On a le droit d’être sceptique mais le montant d’investissement est tel qu’on ne peut juste pas passer à côté. Et c’est ce qui nous a poussé à mener cette étude auprès de 450 dirigeants d’entreprises et 3400 consommateurs. Tout comme nous avions pressenti la disruption en cours causée par l’intelligence artificielle à ses débuts.

Capture du rapport de McKinsey & Company sur le métaverse.
Capture du rapport de McKinsey & Company sur le métaverse.

Quels sont les principaux enseignements de votre nouvelle étude ?

Notre étude révèle dans un premier temps que 59% des consommateurs sont excités à l’idée d’une transition de leurs activités quotidiennes vers le métaverse. De la même manière, 57% des entreprises sensibles à cette nouvelle technologie se disent prêtes à l’adopter.

Le métaverse est d’abord destiné à attirer le grand public – notamment par le jeu et le divertissement – mais nous sommes en voie d’une démocratisation plus large. À l’avenir, il existera plusieurs points d’entrée à mesure que l’interopérabilité gagnera en maturité. Si bien que de nouveaux cas d’usage vont émerger notamment dans le cadre professionnel ou encore l’e-learning.

 


Eric Hazan : Dans un contexte d’émergence d’une nouvelle technologie, nous assistons toujours à une phase de “hype”, puis de rationalisation et enfin de décollage. Certains usages vont exploser quand d’autres vont probablement s’éteindre


 

Défendez-vous un idéal de décentralisation pour parvenir à cette forme d’interopérabilité ?

Nous ne sommes pas là pour prendre parti mais il est vrai que l’interopérabilité nous permettrait de mieux analyser le phénomène. Meta va investir plus de 10 milliards de dollars dans les prochaines années mais cela reste toujours moins de 10% de ce qui a déjà été investi dans le secteur au premier semestre 2022. De manière générale, de nombreuses entreprises s’y intéressent : 57% d’entre elles testent déjà des cas d’usage dans le métaverse et 25% estiment que cela représentera 15% de leur chiffre d’affaires d’ici 5 ans.

Est-ce que le métaverse signe pour vous la fin des canaux physiques de vente ?

Je ne pense pas que cela signe la fin du canal physique de vente et c’était déjà ce qu’annonçait la révolution e-commerce. En revanche, cela permettra sans aucun doute de délivrer une expérience plus fluide et de manière omnicanale. Je crois que le métaverse sera davantage placé sous le signe de l’hybridation, à l’image des lunettes connectées qui nous permettront de voir à la fois le réel et le virtuel.
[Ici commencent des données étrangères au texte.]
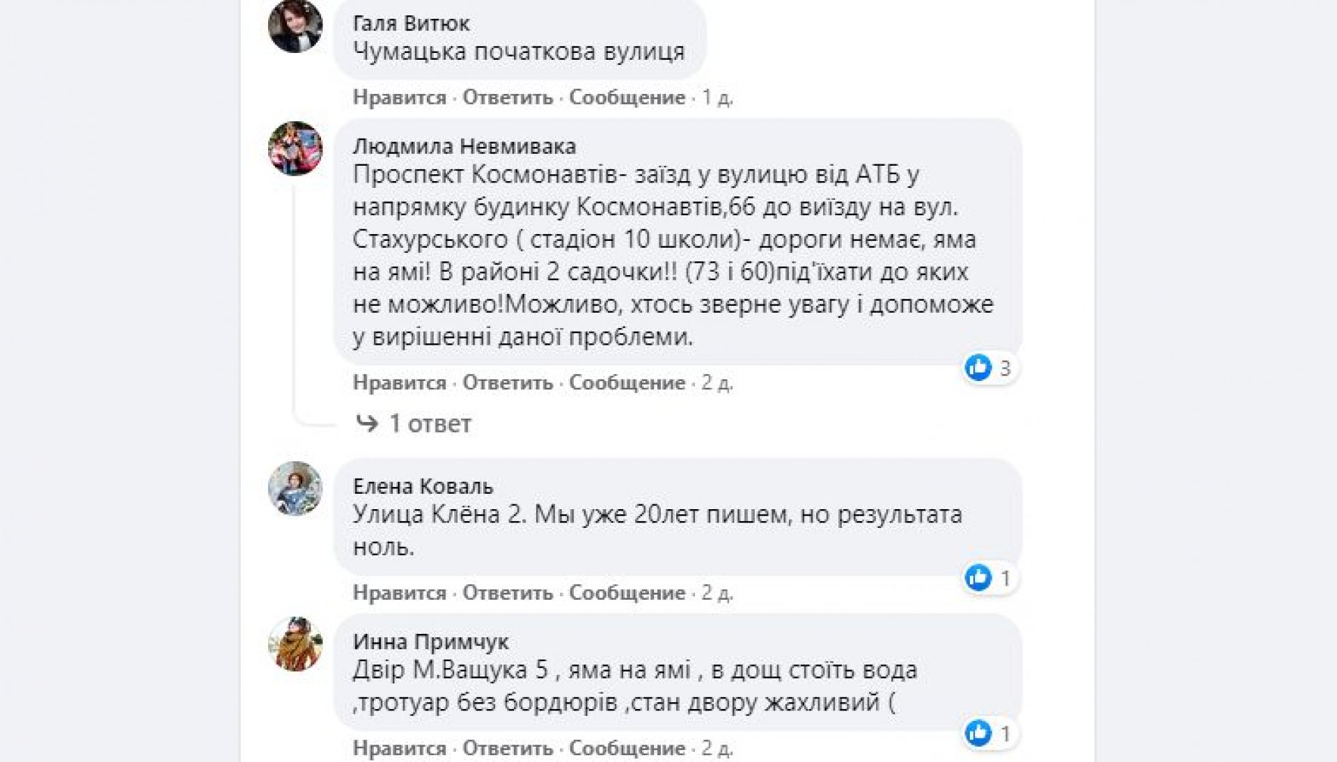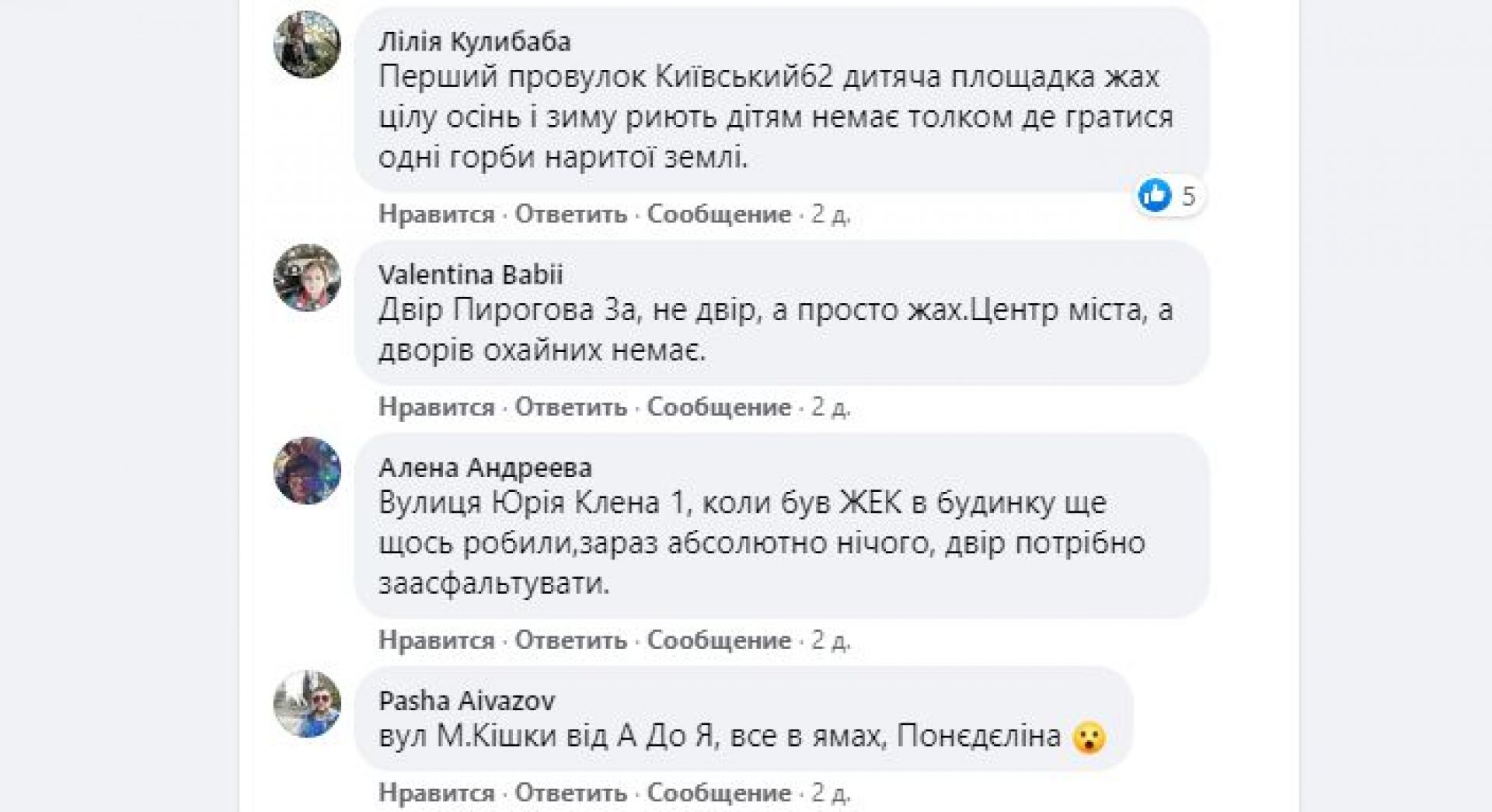 До цієї новини спитали вінничан: «Чи є потреба у вашому дворі навести лад з дорогою чи тротуарами?». У відповідь отримали майже два десятки коментарів з адресами, де потрібно зробити ремонт. Ось деякі з них:
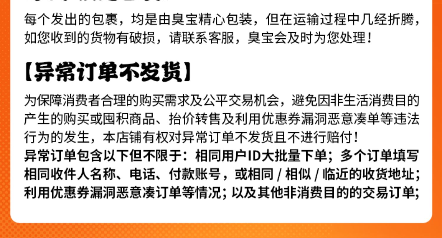 1、本产品下单后不支持7天无理由退换货,不支持拦截和拒收,请您谨慎下单。
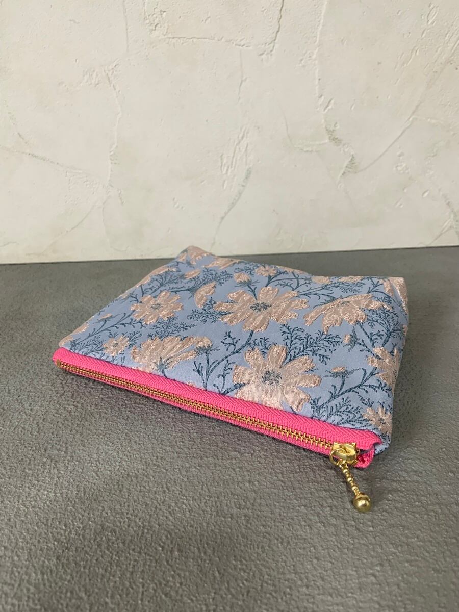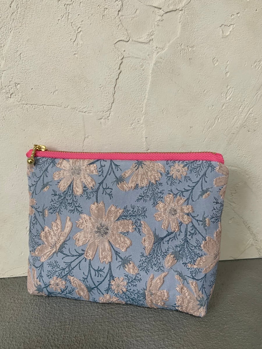 16センチファスナーポーチ、ジャガード☆マーガレットお花ブルー

Il s’agira d’un canal complémentaire de vente, de communication ou de marketing et je pense que la majeure partie du public le considère comme une opportunité plutôt qu’une menace. Nous sommes déjà dans un monde où le digital existe et a un impact dans le monde physique. Ces deux mondes resteront toujours complémentaires.

Bernard Arnault a récemment déclaré : « Nous ne sommes pas intéressés à vendre des baskets virtuelles à 10 euros. Nous ne sommes pas là pour ça », tout en faisant référence aux déboires spéculatifs qui ont contribué à l’éclatement de la bulle internet des années 2000. Qu’en pensez-vous ?
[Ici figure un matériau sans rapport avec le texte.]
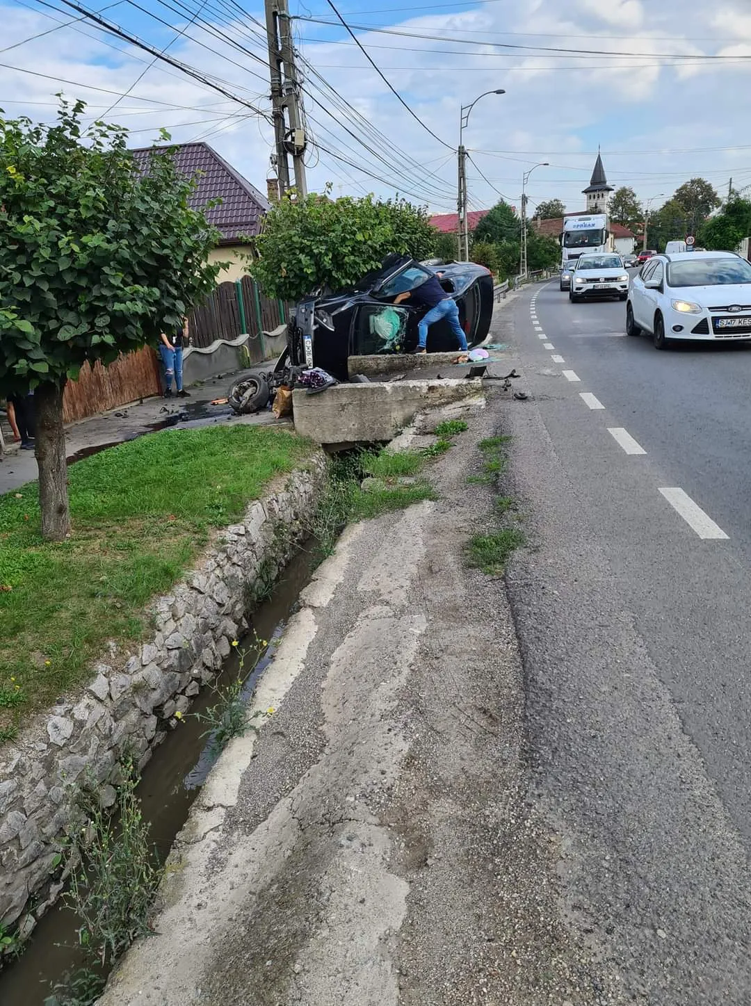 Accident în Baciu, pe strada principală - FOTO
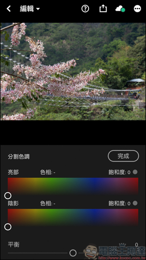 調整方式非常簡單,只要在顏色區域滑動就行了,這三張照片分別為亮部調整、陰影調整、平衡 ,在亮部及陰影部份可以選擇喜歡的色相和飽和度多寡,可以看出在調整過後,顏色已經有所謂濾鏡的效果:
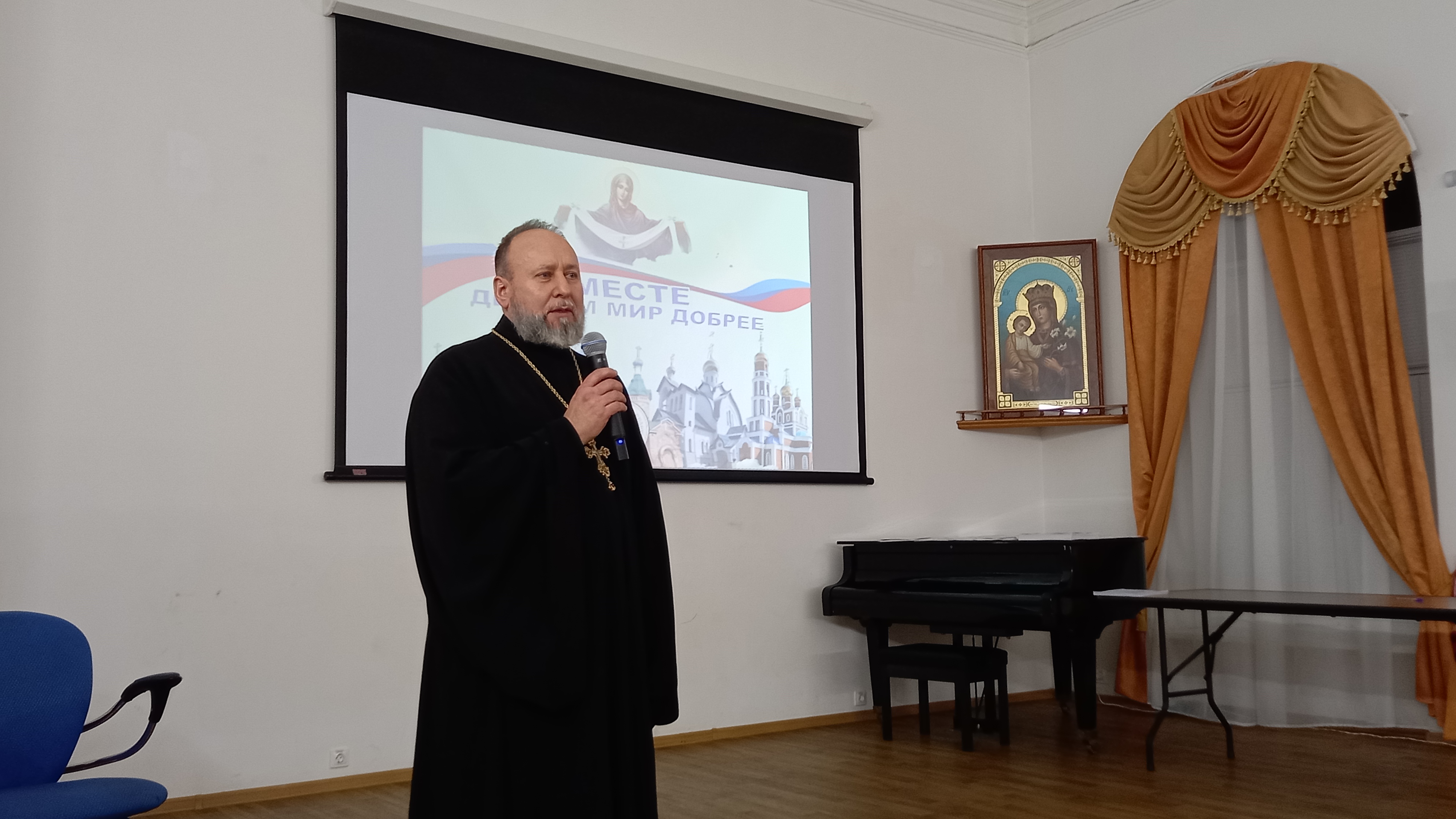 С приветственным словом к присутствующим обратился протоиерей Вадим Сороколетов. Он выразил благодарность всем, кто посвящает своё время и усилия добровольному служению нуждающимся в помощи людям.

Dans un contexte d’émergence d’une nouvelle technologie, nous assistons toujours à une phase de “hype”, puis de rationalisation et enfin de décollage. Certains usages vont exploser quand d’autres vont probablement s’éteindre. Encore une fois, il est tout à fait admis d’être sceptique mais à mon sens être réticent à l’idée de tester, c’est ne pas être sur la ligne de départ au même niveau que les autres.

Je pense que le point de basculement arrivera d’ici deux ou trois ans car nous sommes encore en phase de test. Mais de toute manière, il faut bien garder en tête qu’au moment de la bulle Internet, beaucoup s’en sont détournés et ceux qui ont continué d’y croire ont effectivement mieux résisté à la vague Web 1.0 notamment en matière d’e-commerce.
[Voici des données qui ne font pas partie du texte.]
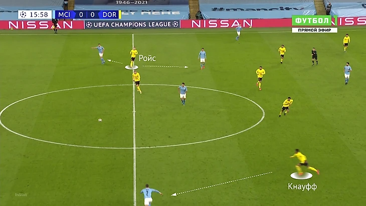 Первая – Бернарду и КДБ разрываются, кто-то из тройки получает свободу и возможность отдать между линиями. Туда поочередно опускались Ройс, Холанд и неожиданно вышедший в старте (37 минут в Бундеслиге) Ансгар Кнауфф:
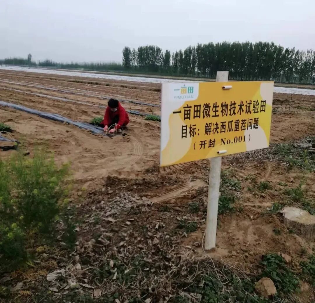 一亩田与郭教授团队合作推广的该项产品,将利用微生物菌调理土壤的原理,在种植时通过灌根的方式调理土壤环境,改变西瓜植株体内的益生菌环境,改善生长空间,防止枯萎病发生,为西瓜重茬耕种问题提供解决方案。此外,该项技术依据自然界植物生长规律,遵循生态环境学、土壤学、植物学等基本原理,以微生物肥料作用于作物生长,同时还减少化肥、农药的使用,改善土壤有机质含量,一方面提升产品的质量和品质,另一方面还有利于实现“双碳”目标。
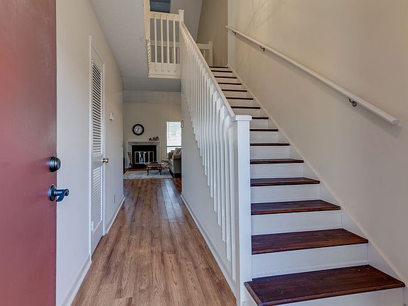 PRICE REDUCTION! This is a rare find! Features not 1, but 2 Wood Burning fireplaces! One in bedroom upstairs, and one in open concept living area. Hardwood floors throughout, and Carpet in bedrooms. Open Library area upstairs which could also be a 3rd Bedroom. Skylights for natural lighting. New roof, New Water Heater, HVAC has new pump and maintenanced regulary for past 3 years. SS Fridge and Dishwasher. Separate aggregate parking pad for 2 cars, plus add'l parking on street. Alarm system, Large Bedrooms. Bedroom and Bath up, and Bedroom and Bath down, perfect for roommate situation. Beautiful Staircase at Entry. Quiet/Peaceful Central location.
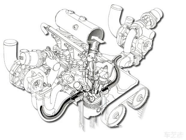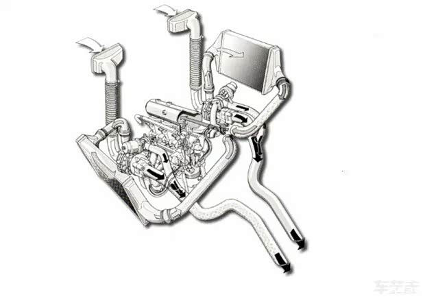 然后涡轮问题解决了接下来工程师面对的是这具发动机独特设计后的一系列散热问题。好在其设计在带来高热量的同时也留下了大量空间用于排布进气和出气歧管的排布,对散热十分有利。空气流通过竖置发动机顶盖后经由交叉进气歧管畅通无阻;大空间可使用两个巨大的中冷各自为单独一个涡轮进行冷却;可以使用优化的涡轮泄压阀设计或者干脆把两个涡轮合用一个泄压阀;这样的管道排布使得发动机低转速有高扭力,高转速时启动第二个涡轮介入工作提供高功率输出。其实更奇葩的是这两个涡轮可以使用不同大小,在不同的转速区间满足不同需求。
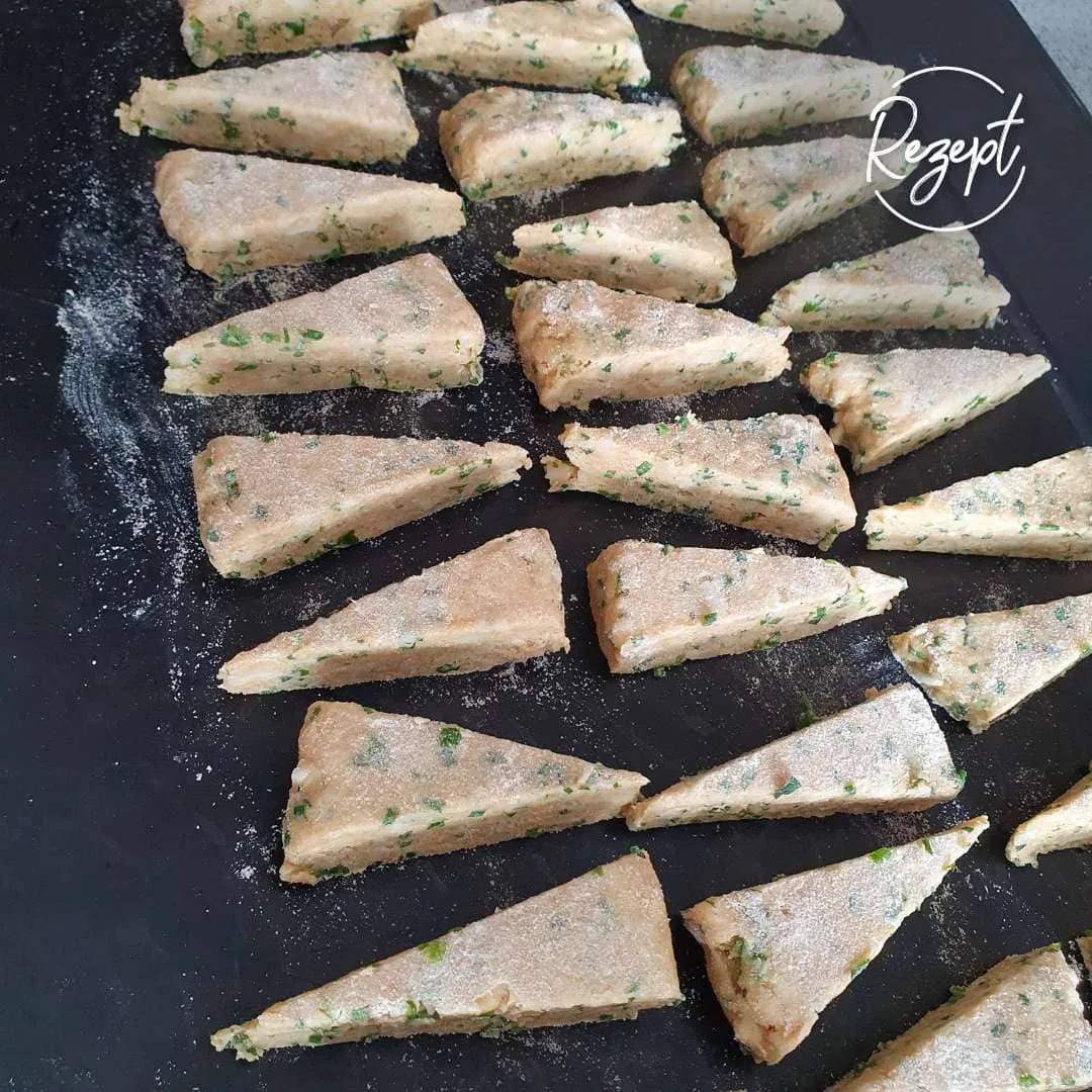 - Das Backblech abgedeckt für ca. 30-60 Minuten ins Gefrierfach stellen. Dadurch lässt sich der Teig besser verarbeiten und die Scones laufen im Ofen nicht breit.

Il existe encore plein d’usages qu’on imagine pas : des constructeurs d’avion sont en train de tester de la maintenance dans le métaverse et même les acteurs du bâtiment s’y mettent aussi pour optimiser leurs propres processus. Tout cela ressemble grandement aux cas d’usage imaginés au début de l’intelligence artificielle et mon conseil aux entreprises est de se lancer dès maintenant pour se préparer aux évolutions à venir.